Evaluation of the behavior features newly identified by machine learning. (A) Fit model was trained on the training set data, and the new treatment-specific behavior feature was identified. The test set was used to evaluate the behavior feature newly defined on the training set. (B) ES-specific behavior feature screening in the training set. Cluster nos. 15, 23, and 36 were significantly associated with the treatment (ES-specific); cluster no. 47 was not significantly associated with the ES treatment (nonspecific). The cluster identifier number is shown on the x-axis, and -log p-values are indicated on the y-axis. The horizontal red dashed line shows a p-value of 0.05 by the binomial test (the probability of correlation was not significantly different from 50% for each of the clusters). (C) Hierarchical clustering revealed the similarity among cluster nos. 15, 23, 36 (ES-specific) and 47 (nonspecific) according to the overall behavioral profiles from the training set and test set. (D) Representative graph shows the counts of clusters 15, 23, and 36 (ES-specific) from the ES and QT phases.

Discussion

Marques, João C., et al. analyzed the 2D behavior of zebrafish larvae by using unsupervised behavioral clustering38, and Hughes, G. L., et al. classified parkinsonian adult zebrafish using 2D behavior data and machine learning39; however, these authors did not analyze the 3D behavior features of zebrafish. Zebrafish exhibit complex 3D swimming patterns15, and MacRì et al. found that traditional behavioral scoring of individual zebrafish based on 2D analyses may lower the data integrity; thus, scoring zebrafish behavior by incorporating a 3D approach may be required16. Based on the above issues, this paper provides a solution to reconstructing 3D behavior data and reducing the multicamera time delay31,34. Previous studies have used machine learning to analyze behavior characteristics38,39; however, only 2D data were used. Considering the inaccuracy of 2D versus 3D, in the present study, we developed a FuzzyART program to mitigate these problems. In our previous study, FuzzyART was used to extract the common features of genetic networks using experimental time series microarray data37. Our study is the first to find that animal behavioral spatiotemporal features could also be classified by using the FuzzyART model. Moreover, for the new input data, we could detect preidentified treatment-specific behavior features by using a previously trained model. This result suggests that FuzzyART has high potential to function as a new method for obtaining animal behavior features based on machine learning fit models rather than traditional text or parameter descriptions, and then the duplicated model can be used in another context by different researchers to conveniently and effectively detect and quantitatively analyze newly predefined behavior features.
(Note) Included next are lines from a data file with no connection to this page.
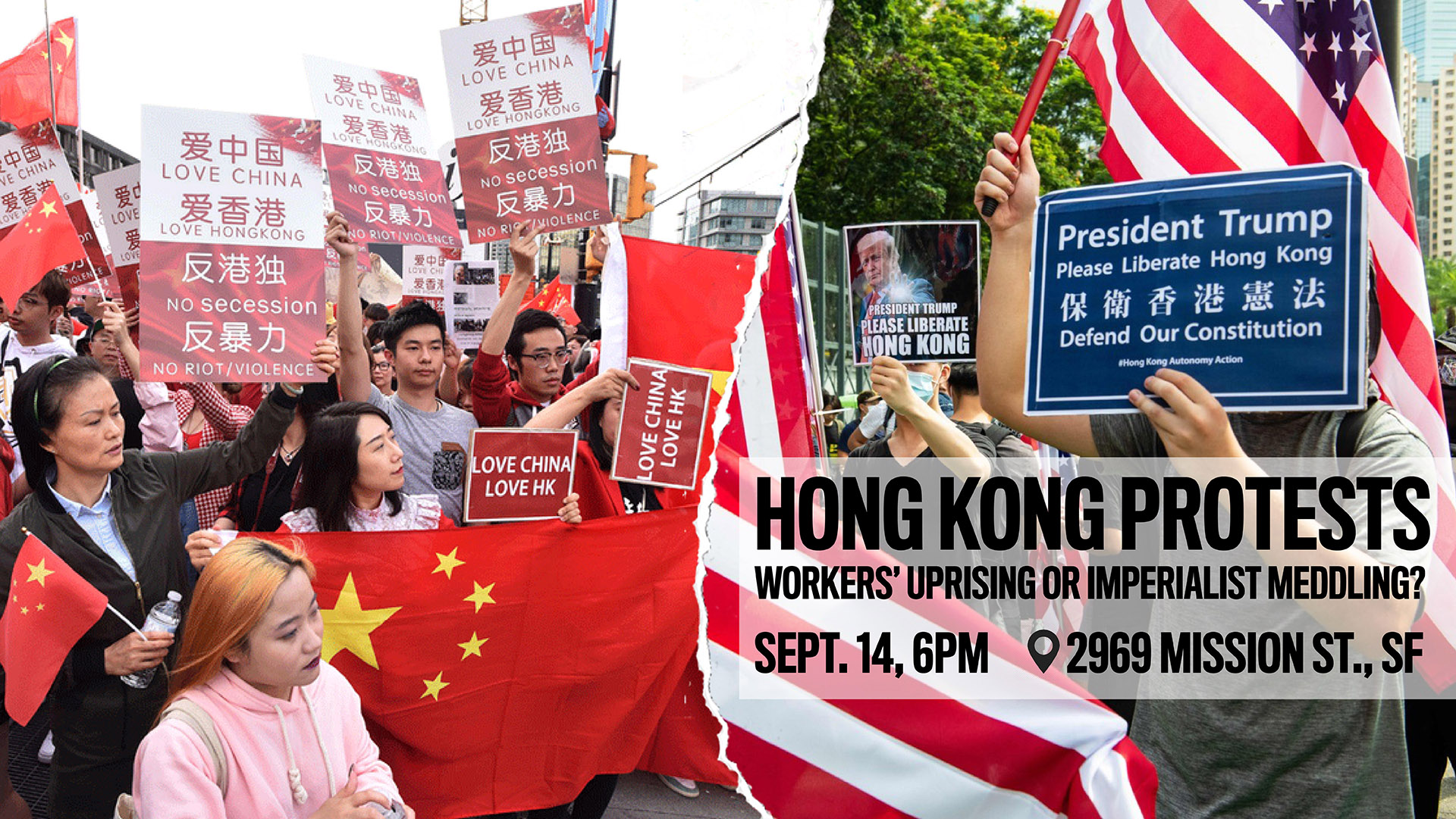Special guest speaker Sheila Xiao, a Los Angeles-based organizer with the PSL, will discuss the legacy of British colonialism in Hong Kong, the origins of today's protests, the corporate media's pro-West narrative and the complete blackout of massive pro-China counter-demonstrations.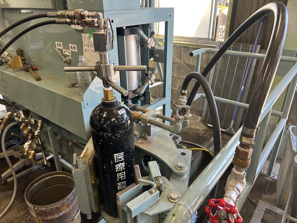また、装置の省エネ効果も見逃せません。既設の水套式耐圧試験装置を非水槽式耐圧試験装置に更新したことで、耐圧試験に必要な水量を大幅に抑えることができました。その結果、水道代が毎月約2万円節約でき、ランニングコストの低減に繋がりました。過剰な水の使用を抑えることにもつながり、より効率的な運用を実現されています。
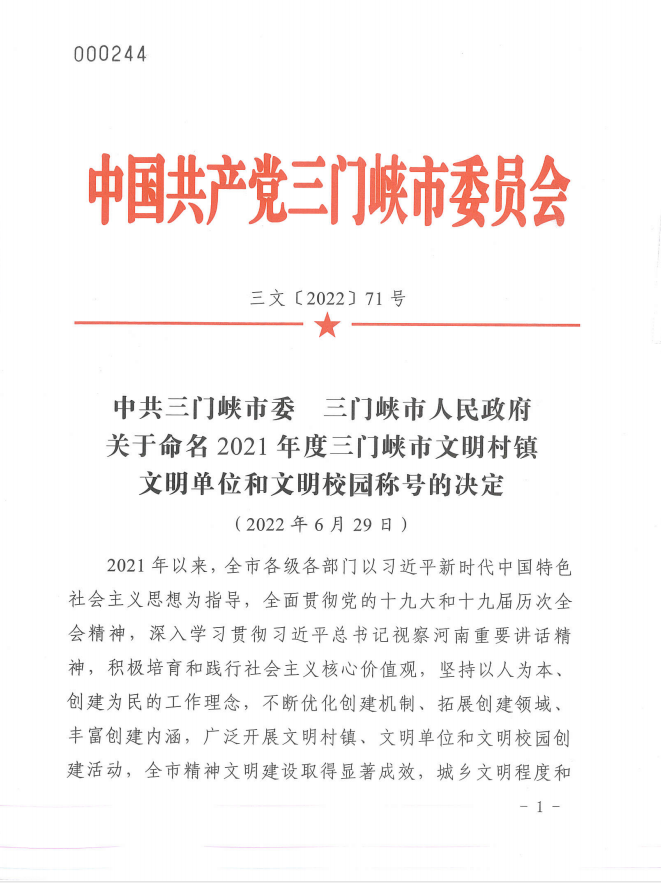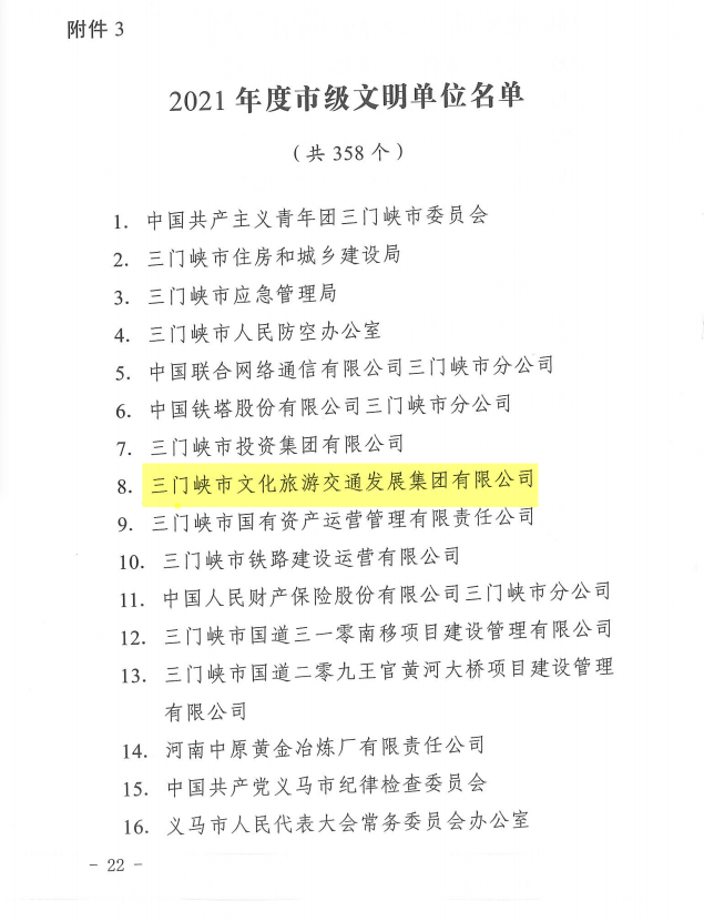近日,三門峽市委、市政府印發(fā)《關于命名2021年度三門峽市文明村鎮(zhèn)、文明單位和文明校園稱號的決定》(三文〔2022〕71號),市文旅集團榮獲“2021年度市級文明單位”稱號。

Given that a large amount of animal behavior data can be captured, this method could help researchers configure various treatments and gene-edited lines and investigate and communicate the treatment-specific or mutation-specific behavioral features in small fish models.

Conclusions

We developed a 3D swim path reconstruction system that was automatically controlled by an Arduino controlled using our developed program and presented a novel approach to classifying animal behavioral features based on 3D spatiotemporal data. Moreover, for the newly defined behavior pattern obtained by the 3D tracking analysis, we developed a tool to accept user-supplied data for the detection and quantitative analysis of behavioral features. This technique could be applied for the discovery of a new behavior patterns in mutant zebrafish and used for drug administration screening and cognitive ability tests of zebrafish in the future.